The DSA report grants at the start that we are recognized experts in the field of distinguishing a legitimate business enterprise from a pyramid scheme. But it omits the recognition that, in the 15 pyramid scheme cases in which Dr. Vander Nat was appointed the government’s expert – each time submitting an economic analysis to the court — no court has ever rejected his conclusion that the organization is/was a pyramid scheme. That is to say, the vast majority of arguments made in the DSA report are old news, having been considered and either rejected or ignored in numerous courts of law.
Unencumbered by this precedent, the DSA report takes a novel stand and boldly declares (literally puts in bold), “[t]he key diagnostic for a pyramid scheme is whether the transactions defining the commercial enterprise yield incremental value to society,” — a claim that is firmly rejected by eminent scholarship in law and economics (see Posner below). Here is a respectful word of advice to DSA members: although you might like what this report has to say, if ever an MLM company is in court defending itself against pyramid scheme allegations, waxing poetic about the firm’s value to society won’t help; far better to focus on retail sales.

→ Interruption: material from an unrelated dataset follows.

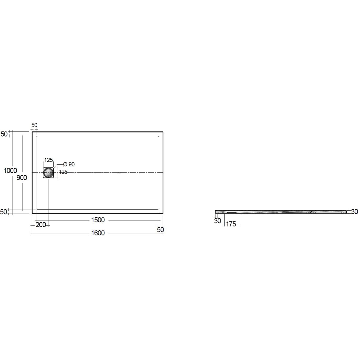 - scarico posizionato centralmente lungo il lato più corto Ø 9 cm

We further highlight that the 2014 BurnLounge decision, which is used as the basis for the DSA’s critique of our work, does not invalidate our emphasis on retail sales, whether in the 2002 paper or in specific court testimony (below). By presenting a few selective portions of the BurnLounge ruling and ignoring the fully articulated basis for the ruling that BurnLounge was a pyramid scheme, the DSA report dismisses our emphasis on retail sales as “a premise that cannot be sustained.” Actually, we show the opposite. Not only can it be sustained, an emphasis on retail sales is being sustained by the appellate decision itself (2014) and in a recent federal court injunction against Vemma (2015).

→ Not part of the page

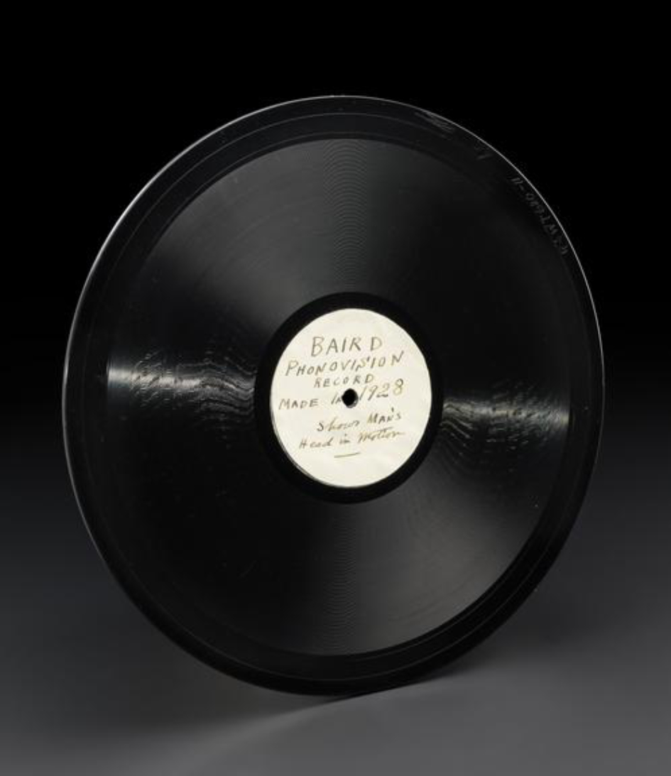 PHONOVISION, THE JOHN LOGIE BAIRD PHONODISC AND TV- 1928. The first videodisc, the Phonodisc, was developed by Scottish inventor John Logie Baird. It was a 250 mm, 78 rpm record, similar to the discs being produced for sound recording at that time. A 30-line television signal was recorded on the Phonodisc. The earliest known consumer recording of a TV broadcast (1933) was onto a Baird Phonodisc. The Phonodisc was not a commercial success and was abandoned in 1936.

- This assertion (quoted earlier), conveying a concomitant need for cost/benefit analysis regarding a pyramid scheme, is a striking example of ignorance for known principles in economics and law. A pyramid scheme is inherently fraudulent (every court has said so), and is properly analyzed under the established maxim that deception/fraud carries no social benefit. As explained by Judge Posner in his Economic Analysis of Law (2nd ed. P.81), “The question of affirmative misrepresentations in consumer transactions is straightforward: the costs of making and of unmasking the misrepresentation represent a deadweight social loss,” and later continues with “Misrepresentation involves costs to both sellers and buyers that yield no social gain.”
- The FTC follows the same principle and never offers extrinsic evidence by way of cost/benefit analysis in prosecuting deception. Ironically, based on the DSA report, the FTC must be missing the “key diagnostic for a pyramid scheme.”

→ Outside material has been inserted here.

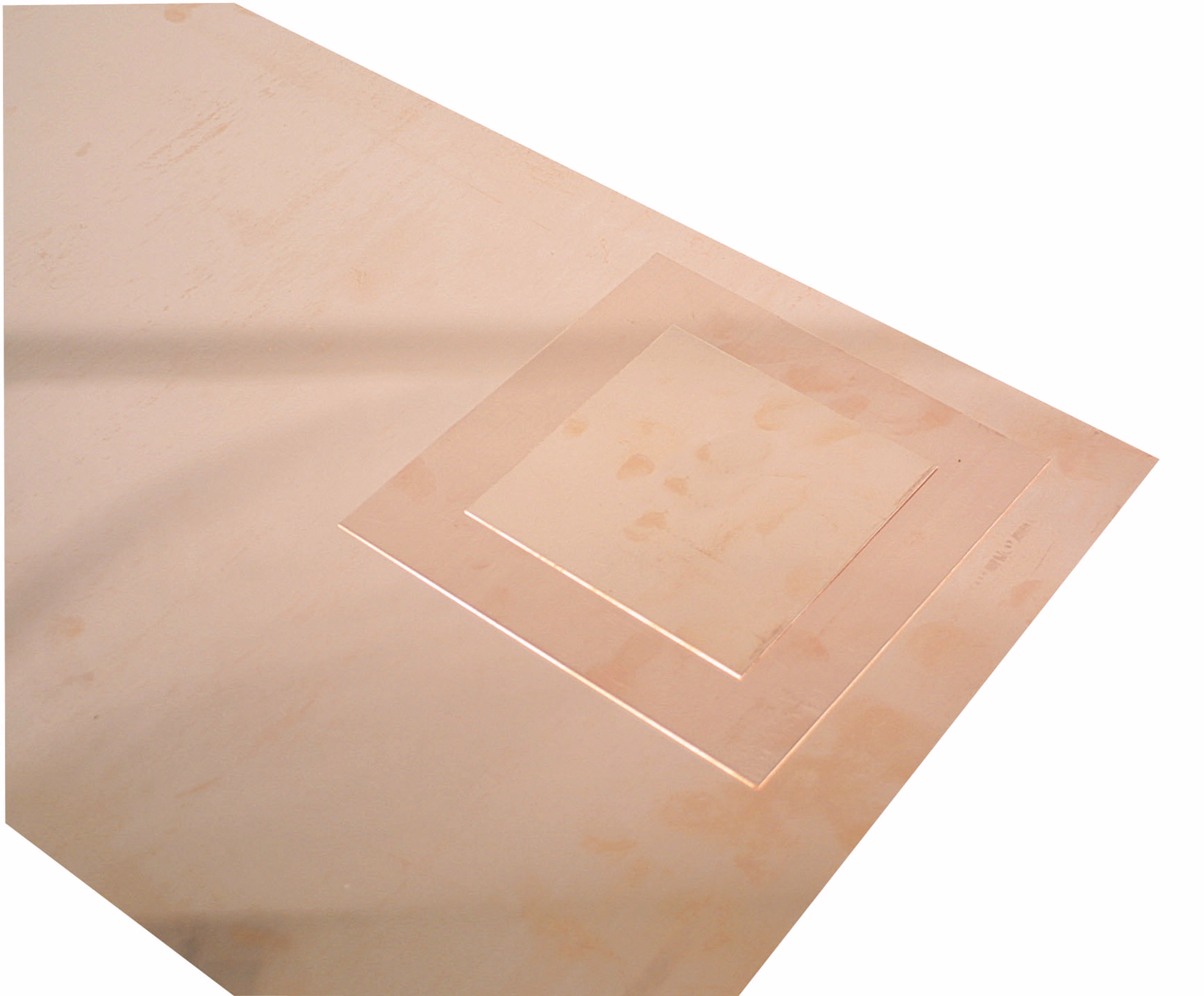 Chapa de cobre E-CU, desnudo, de temple semiduro, para trabajos técnicos o repujado.

- Instead, the agency affirms (FTC Policy Statement on Deception; 1983) that extrinsic evidence in cases of deception “can consist of expert opinion, consumer testimony (particularly in cases involving oral representations), copy tests, surveys, or any other reliable evidence of consumer interpretation.”
- What about the following? Courts have ruled that whether product purchasers are primarily business participants versus consumers is an important part of pyramid determination, with numerous courts finding MLM companies to be pyramid schemes with negligible sales beyond what their distributor-recruits purchase, and with documented harm to tens of thousands of victims. MLM companies continue to face pyramid scheme charges.